Plusieurs instruments politiques encadrent les forces allemandes. Ainsi le dispositif encadrant l’action de la Bundeswehr est composé, d’une part, d’éléments constitutionnels (la loi fondamentale allemande ou Grundgesetz et la jurisprudence de la Cour constitutionnelle) , et d’autre part de textes réglementaires et législatifs (notamment les directives politiques relatives aux questions de Défense).
Aujourd’hui, la Bundeswehr a notamment pour mission la participation au maintien de la stabilité en Europe comme dans le monde. Ses missions ne sauraient cependant se dérouler en dehors du cadre de l’ONU ou d’une organisation régionale mandatée par le Conseil de Sécurité. Les dernières directives politiques en matière de défense insistent d’ailleurs sur le partenariat avec l’ONU, qui est, pour l’Allemagne, le principal garant de la paix dans le monde et le seul cadre admissible d’engagement du pays sur la scène internationale.

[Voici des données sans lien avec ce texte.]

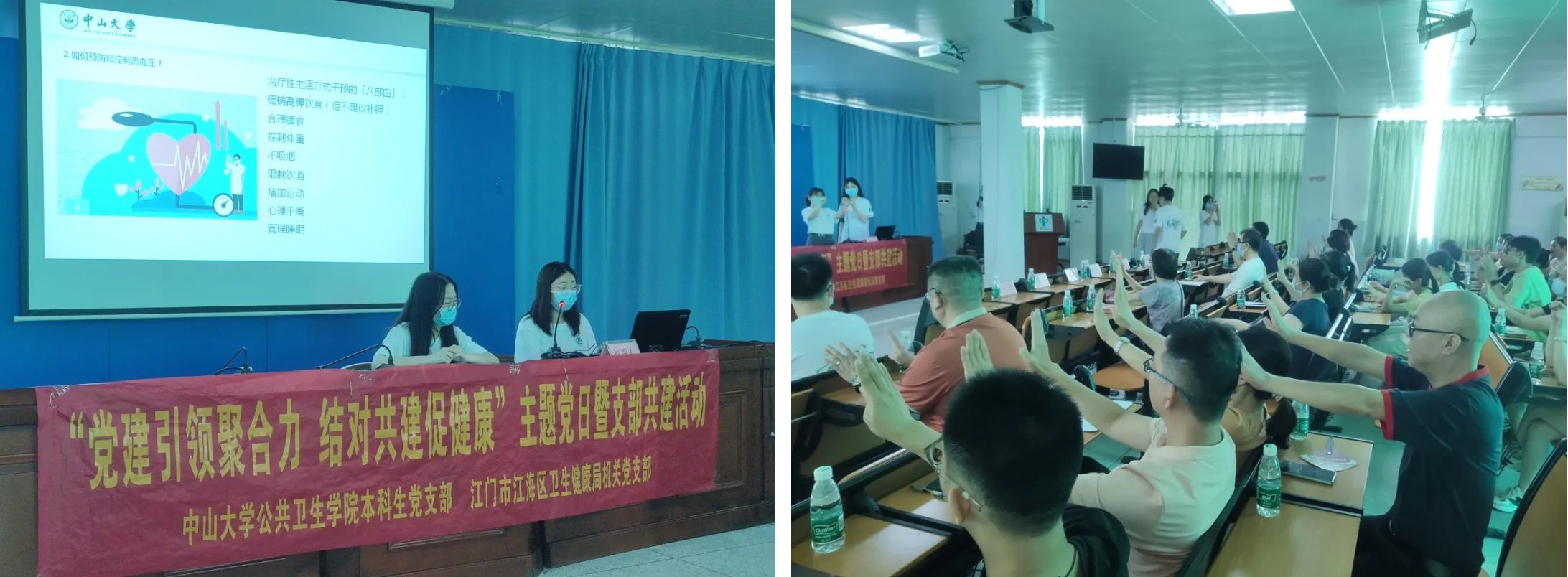 7月9日至11日,本科生党支部与江门市江海区卫生健康局机关党支部开展以“党建引领聚合力,结对共建促健康”为主题的党支部共建活动,分别在文苑社区举办了一场别开生面的健康科普游园会,在礼乐街道社区卫生服务中心开展慢性病防控宣讲。学院“百千万工程”突击队员和区卫生健康局党员干部通过互动游戏、义诊答疑、知识讲座等多种形式开展“我在家乡做科普”活动,普及约500余名群众,现场气氛浓厚,反响热烈,达到寓教于乐、学以致用的科普效果。双方通过党支部结对共建,组建“卫”来科普实践团走进江海,为江门市江海区基层党建工作提供指导;建立社会实践教育基地,为学生提供进基层、入社区实践的机会;开展便民健康站建设,惠及广大群众,让基本公共卫生服务做出特色、做出水平,推动江海区公共卫生事业实现新突破。
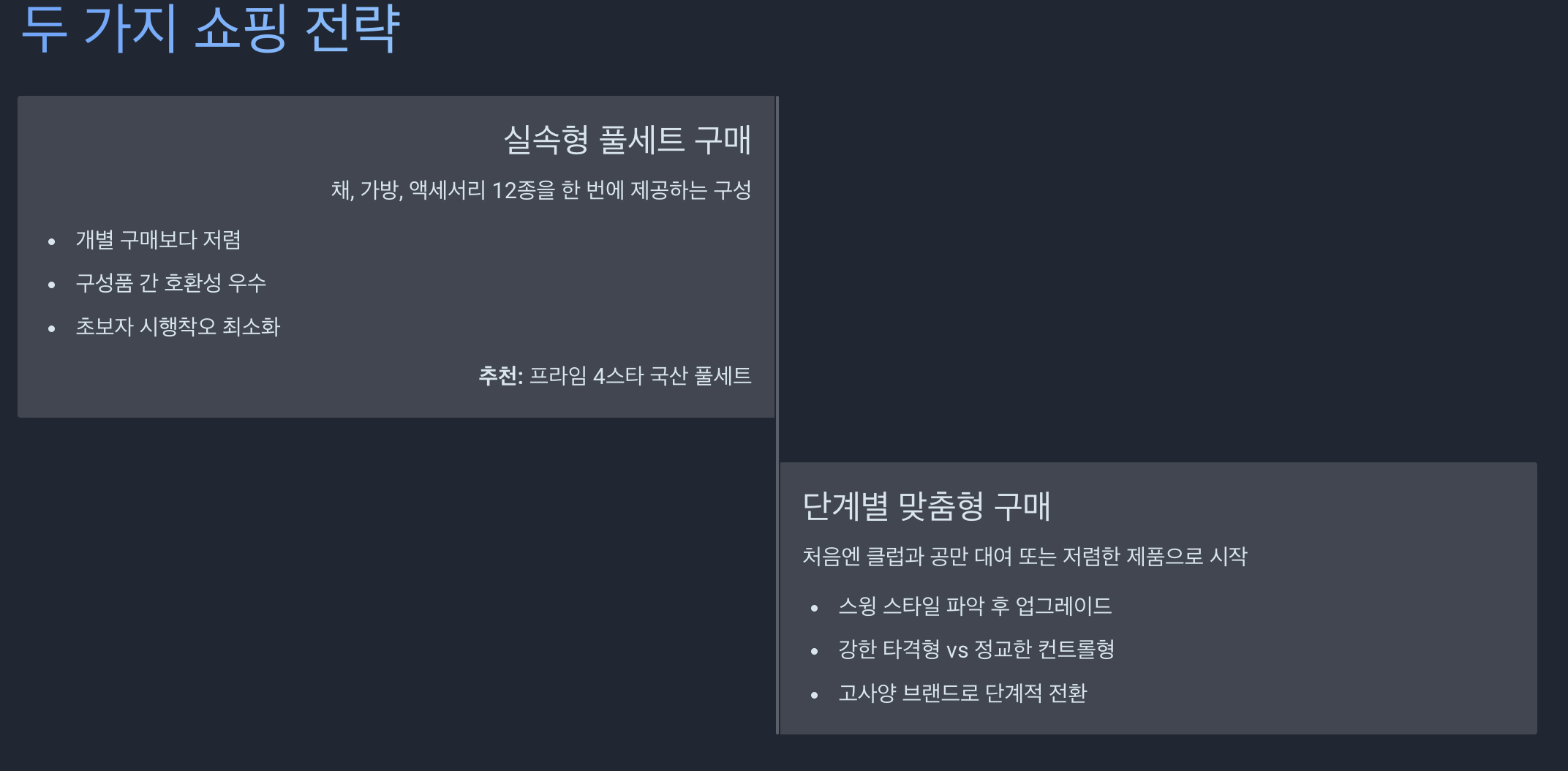 - 단계별 '맞춤형' 구매: 처음엔 클럽과 공만 대여하거나 저렴한 제품으로 시작한 뒤, 자신의 스윙 스타일(강한 타격형 vs 정교한 컨트롤형)이 파악되면 그에 맞는 고사양 브랜드로 업그레이드하는 방식입니다.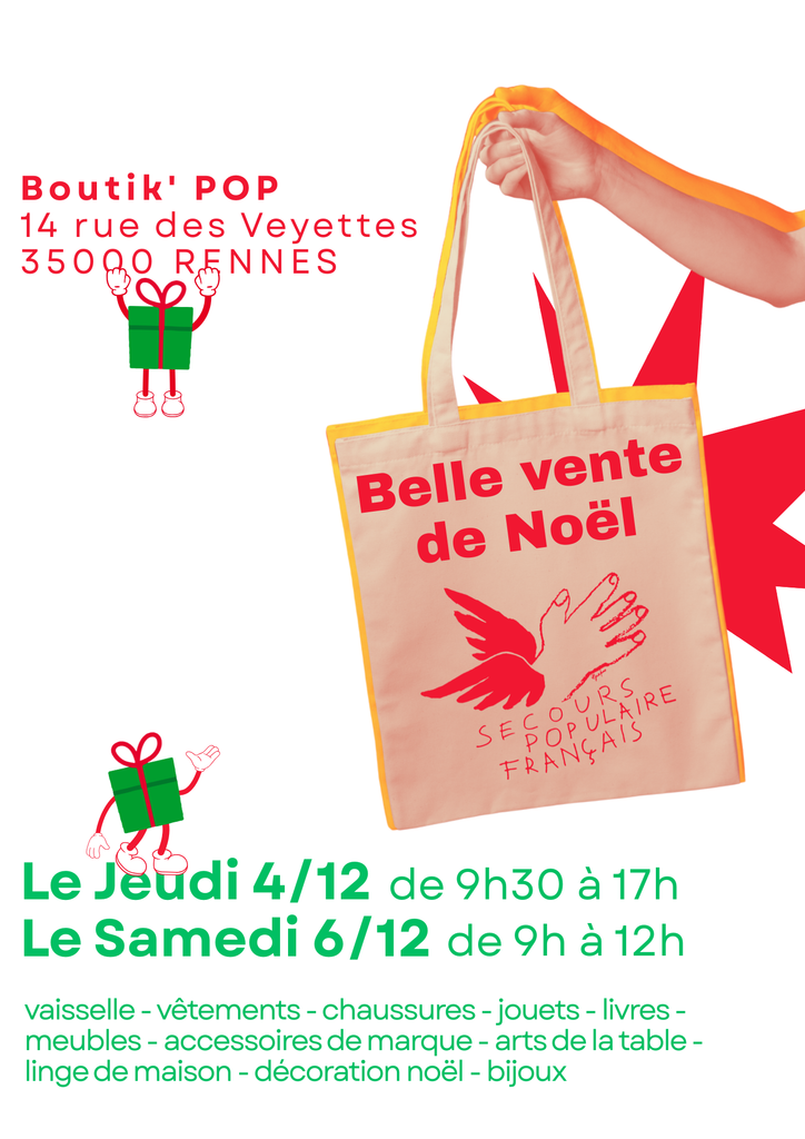 Comme chaque année, le Secours populaire français organise sa Belle vente de Noël : un rendez-vous solidaire pour préparer vos cadeaux et faire de belles trouvailles les jeudi 4 et samedi 6 décembre à la Boutik’POP.

De par sa participation active aux missions de paix au travers d’organisations dont elle est membre, l’Allemagne a gagné la reconnaissance de tous par ses contributions à leur vision politique en matière de prévention des crises, aux réformes des mécanismes de l’ONU et aux actions de maintien et de consolidation de la paix. L’Allemagne participe activement et dans une large mesure à la prévention des conflits ainsi qu’aux missions de paix multinationales : avec des forces de paix, des policiers et du personnel civil qualifié, par des contributions financières et des équipements. Sa mobilisation en faveur du renforcement des capacités civiles de prévention est particulièrement appréciée.
Structures décisionnelles politiques et militaires
La structure décisionnelle établit le primat du politique sur les décisions prises tant au niveau politique que militaire.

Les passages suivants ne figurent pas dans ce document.